In case y'all don't follow the Billboard dance music charts as closely as we do, here's a fun little item from this week's new additions list:
New York City-based DJ D-Sol (aka David Soloman) – and, in his day job, Goldman Sachs COO – debuts at No. 39 on Billboard's Dance/Mix Show Airplay chart (dated July 28) with "Don't Stop." The remix of the 41-year old Fleetwood Mac classic (the original peaked at No. 3 on the Billboard Hot 100 in September 1977) is the DJ/business executive's first Billboard chart entry. "Don't" owes its debut to airplay on SiriusXM's BPM and WCPY Chicago, according to Nielsen Music.
It's pretty hard to compete with David Solomon's July 2018, you guys. Not only does his new single drop almost immediately onto the dance charts, but he also got a fun promotion at work!
But like any DJ who has to hold down a civilian gig just to pay the electric bill, D-Sol is very into managing his work-life balance, and at his Goldman Sachs, so will everyone. According to CNBC, Solomon has been making it sound like things at 200 West Street are going to substantially more dope as fuck under his leadership...

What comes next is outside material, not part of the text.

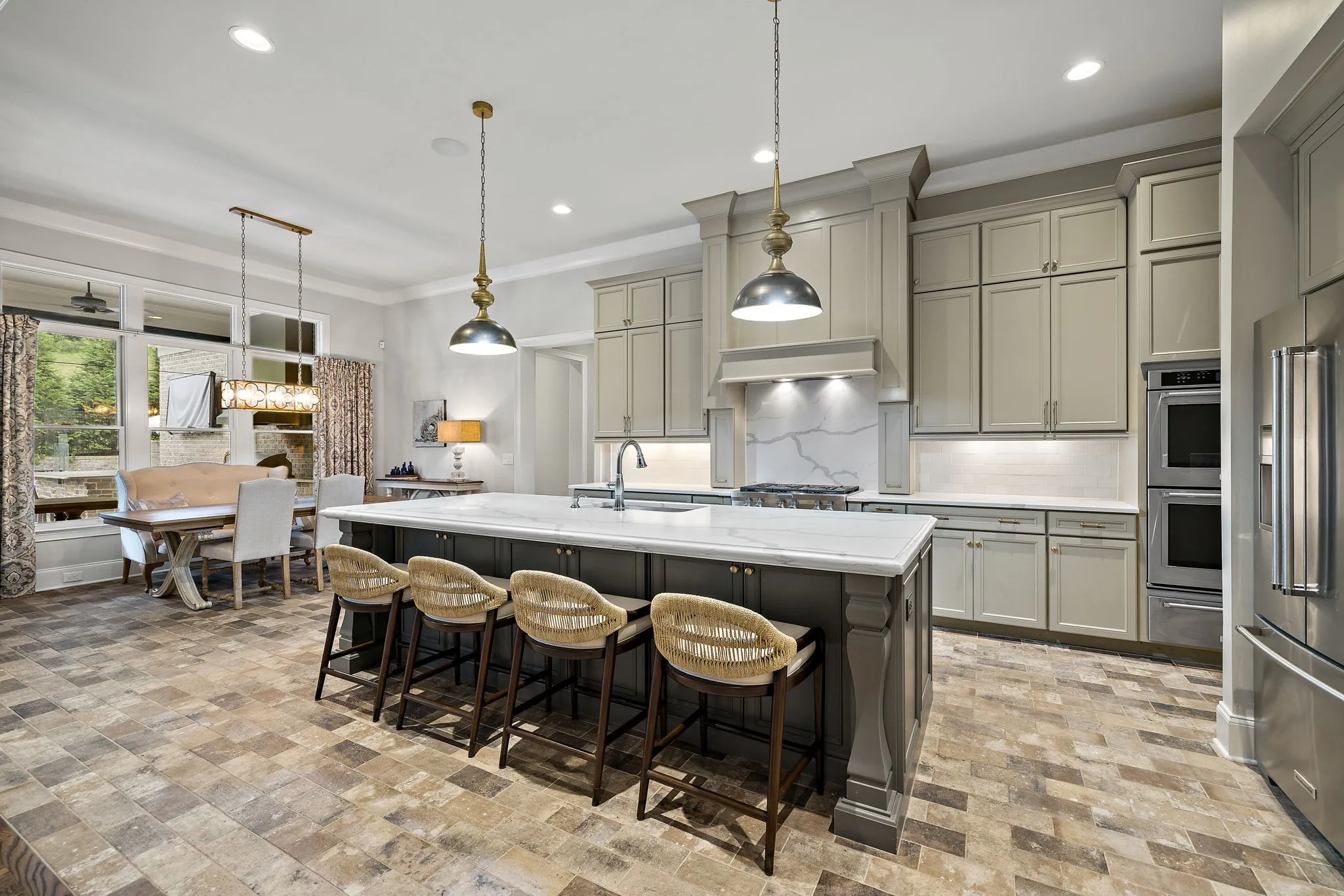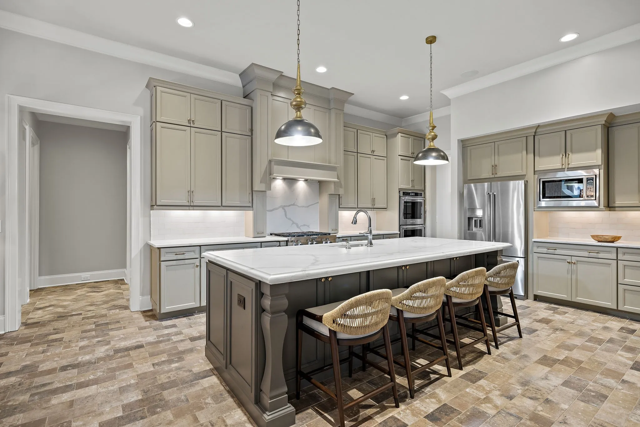 Amazing ALL BRICK home built by Legend Builders w/ Views ~2 bedrooms on main level w/ 2.5 baths ~ 3 car garage tandem w/ epoxy floors & insulated doors ~ Gourmet Kitchen w/ pantry, dbl ovens, warming drawer & 2 dishwashers ~ Butler’s Pantry w/ ice maker, beverage fridge & built in storage ~ Gorgeous Outdoor Living w/ heated pool, spa, lush landscaping, kitchen, retractable screens, fireplace, speakers & lighting ~ Primary bedroom suite w/ view of backyard, coffered ceiling, his / her closets & dressing room ~ Office on 1st floor ~ Generous secondary bedroom sizes w/ Walk in Closets, Private baths, Tiled Showers ~ 3 Walk in Storage Areas approx 1000 sqft ~ Game Room w/ kitchen ~ Bonus room w/ closets ~ Powder rooms on 1st & 2nd floor ~ Hobby room perfect for studying, wrapping, crafts, etc ~ Plantation Shutters ~ 11ft ceilings on main ~ Laundry Rm w/ Sink & hanging space ~ Drop Zone ~ Extensive molding, trim, built in bookcases & detail throughout ~ Irrigation ~ Encapsulated crawlspace

Goldman Sachs’ next chief executive officer and chairman, David Solomon, often talks about his personal interests, including an unusual side gig as a dance club disc jockey. Now, he wants his leaders to open up.
Ummm, that is adorable!
To help foster connections with employees and clients, Solomon said that "leaders today have to be more vulnerable, they have to put themselves out there a lot more than they probably are comfortable doing," said Levine.
"More vulnerable?" Was Gary Cohn's emo goth phase not enough for you people? Have you not read John Rogers' "Lloyd Blankfein as sexy vampire" fanfic? Does Marty Chavez need to show you his other, private, tattoos?
What firm is more synonymous with vulnerability than Goldman Sachs, the opaque global financial giant that resides in an unmarked glass tower in a purposefully, oddly remote section of lower Manhattan and is run by people with a habit of moving deftly in and out of the federal government?
But under DJ D-Sol, 200 West Street is turning into a totally open space, chock full of poet warriors who better show some serious fucking improvement in their trading business. And if he has to, the newest addition to the Billboard dance charts will lead by vulnerable-bro-with-outside-interests example...
"It's something I'm really passionate about," Solomon said in the podcast. "If you can't find a way to have passions and pursue those passions and mix them into your professional life and your personal life, it's just harder to have the energy to keep on doing this."
And he's not just a fan of dropping sick beats, he's a fan of his own emotions...
Solomon may be uniquely suited for the new Goldman. Where Blankfein is known for a quick wit, Solomon is more likely to come off as disarmingly earnest. The day after a ceremony where he was formally introduced by Blankfein as his successor, Solomon spoke to a roomful of the bank's interns, expressing wonder that he would soon be running the place.
"When Lloyd called me up at the stage, I was pretty emotional about it, it really affected me," Solomon said. "I was shaking."
This is going to be so great for us.